* Exercise brief
Where a picture appears, leave it out, and transcribe all the lines below exactly.

* Given data

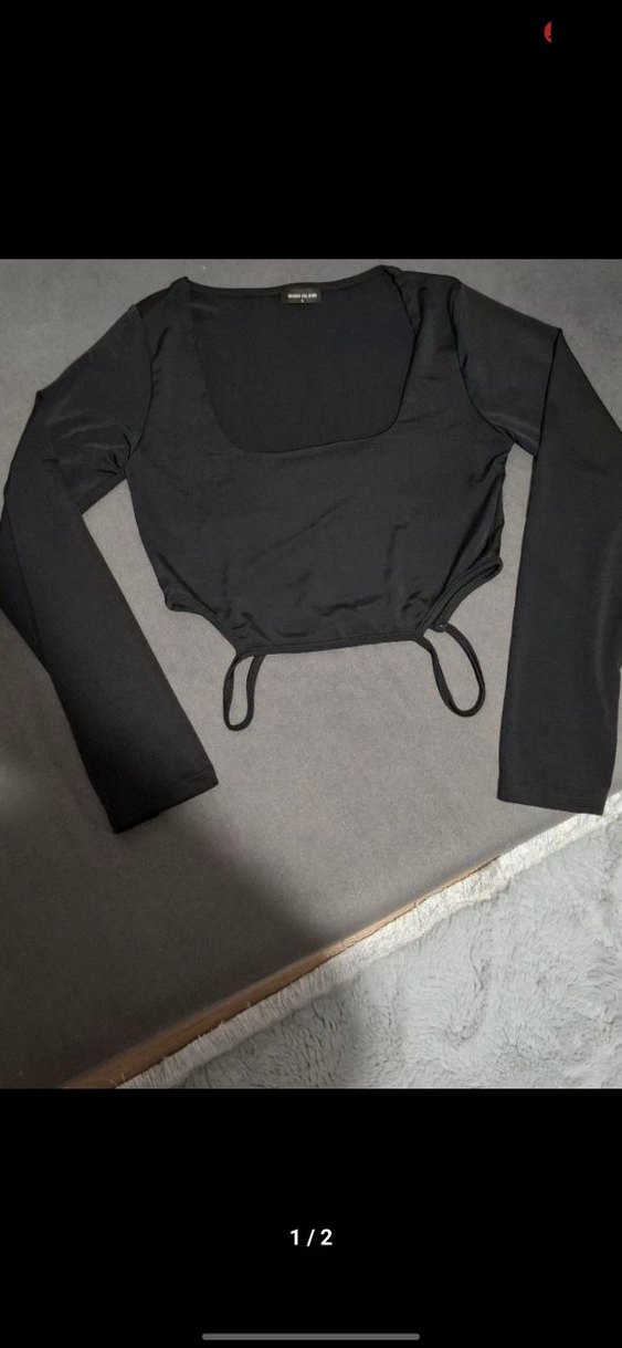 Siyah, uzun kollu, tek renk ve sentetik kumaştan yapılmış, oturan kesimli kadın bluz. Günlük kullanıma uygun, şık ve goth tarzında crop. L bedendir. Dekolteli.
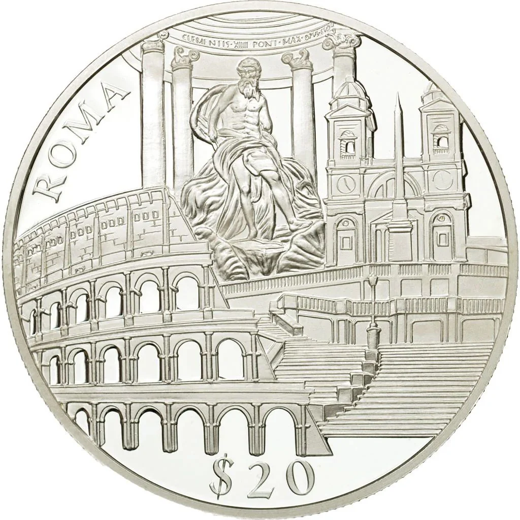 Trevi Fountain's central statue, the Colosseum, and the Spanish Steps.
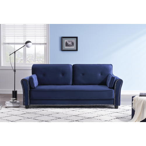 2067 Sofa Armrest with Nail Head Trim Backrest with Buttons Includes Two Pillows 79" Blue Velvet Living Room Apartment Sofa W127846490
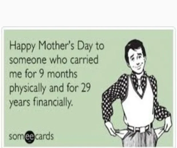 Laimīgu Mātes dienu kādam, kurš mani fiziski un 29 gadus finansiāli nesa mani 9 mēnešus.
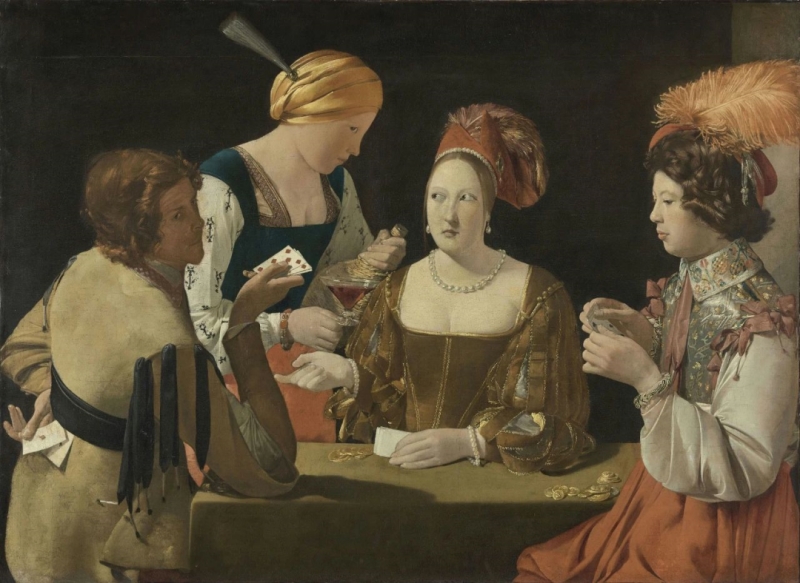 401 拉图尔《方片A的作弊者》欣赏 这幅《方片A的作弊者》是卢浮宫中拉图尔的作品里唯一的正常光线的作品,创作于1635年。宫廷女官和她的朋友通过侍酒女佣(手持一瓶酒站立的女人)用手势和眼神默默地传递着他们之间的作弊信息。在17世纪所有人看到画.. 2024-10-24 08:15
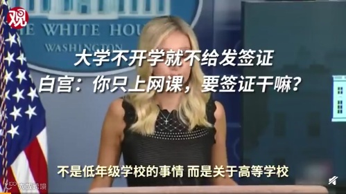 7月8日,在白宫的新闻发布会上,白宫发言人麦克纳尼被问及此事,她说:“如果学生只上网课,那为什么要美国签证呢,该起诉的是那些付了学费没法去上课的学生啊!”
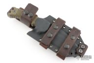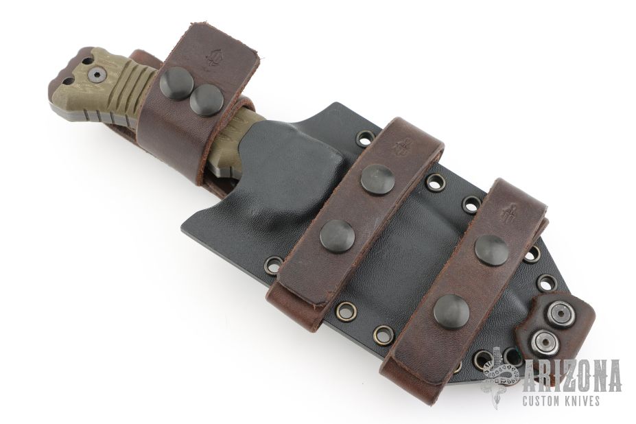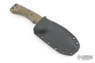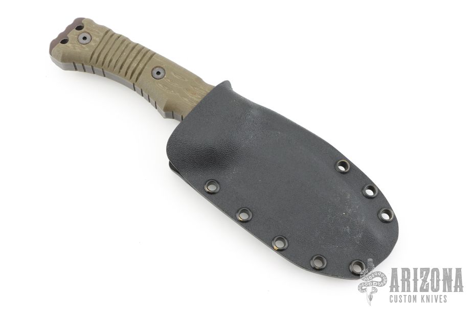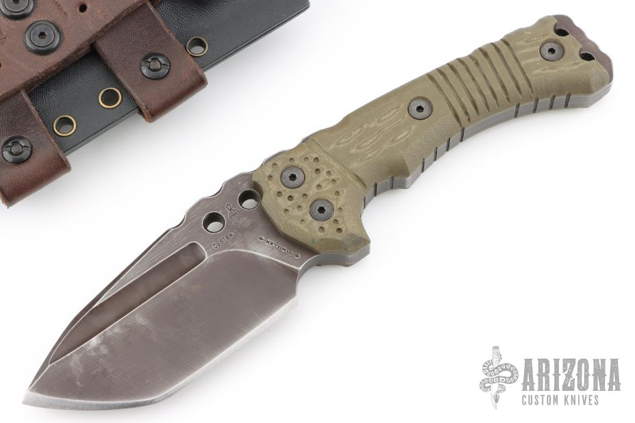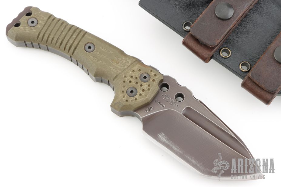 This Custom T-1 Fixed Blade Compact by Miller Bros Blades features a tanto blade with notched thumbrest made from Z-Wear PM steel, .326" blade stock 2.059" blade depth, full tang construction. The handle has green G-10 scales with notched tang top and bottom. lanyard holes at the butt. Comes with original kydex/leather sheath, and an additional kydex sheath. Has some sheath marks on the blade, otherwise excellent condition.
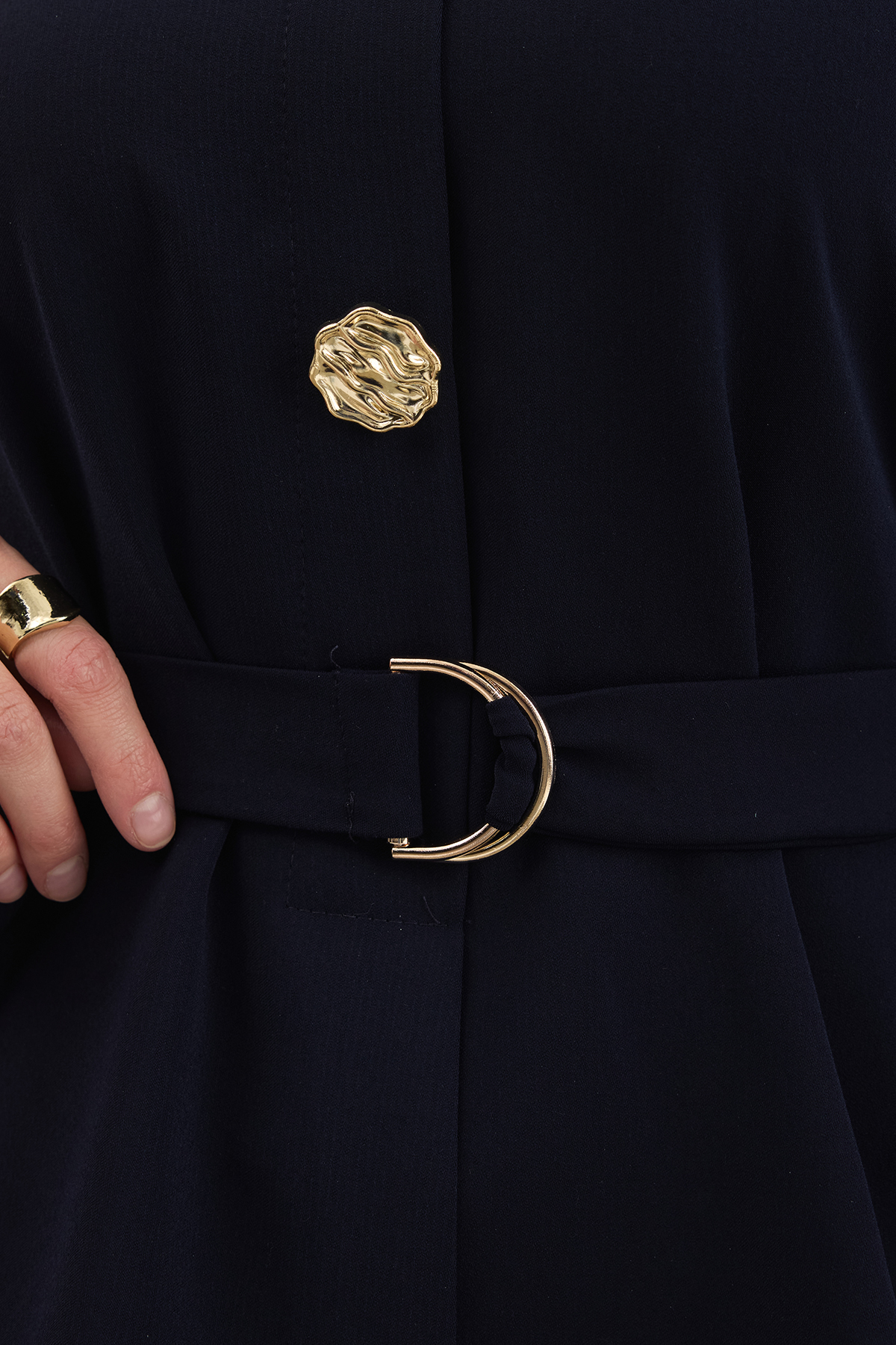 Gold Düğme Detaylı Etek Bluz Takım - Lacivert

* Expected output
 Siyah, uzun kollu, tek renk ve sentetik kumaştan yapılmış, oturan kesimli kadın bluz. Günlük kullanıma uygun, şık ve goth tarzında crop. L bedendir. Dekolteli.
 Trevi Fountain's central statue, the Colosseum, and the Spanish Steps.
 2067 Sofa Armrest with Nail Head Trim Backrest with Buttons Includes Two Pillows 79" Blue Velvet Living Room Apartment Sofa W127846490
 Laimīgu Mātes dienu kādam, kurš mani fiziski un 29 gadus finansiāli nesa mani 9 mēnešus.
 401 拉图尔《方片A的作弊者》欣赏 这幅《方片A的作弊者》是卢浮宫中拉图尔的作品里唯一的正常光线的作品,创作于1635年。宫廷女官和她的朋友通过侍酒女佣(手持一瓶酒站立的女人)用手势和眼神默默地传递着他们之间的作弊信息。在17世纪所有人看到画.. 2024-10-24 08:15
 7月8日,在白宫的新闻发布会上,白宫发言人麦克纳尼被问及此事,她说:“如果学生只上网课,那为什么要美国签证呢,该起诉的是那些付了学费没法去上课的学生啊!”
 This Custom T-1 Fixed Blade Compact by Miller Bros Blades features a tanto blade with notched thumbrest made from Z-Wear PM steel, .326" blade stock 2.059" blade depth, full tang construction. The handle has green G-10 scales with notched tang top and bottom. lanyard holes at the butt. Comes with original kydex/leather sheath, and an additional kydex sheath. Has some sheath marks on the blade, otherwise excellent condition.
 Gold Düğme Detaylı Etek Bluz Takım - Lacivert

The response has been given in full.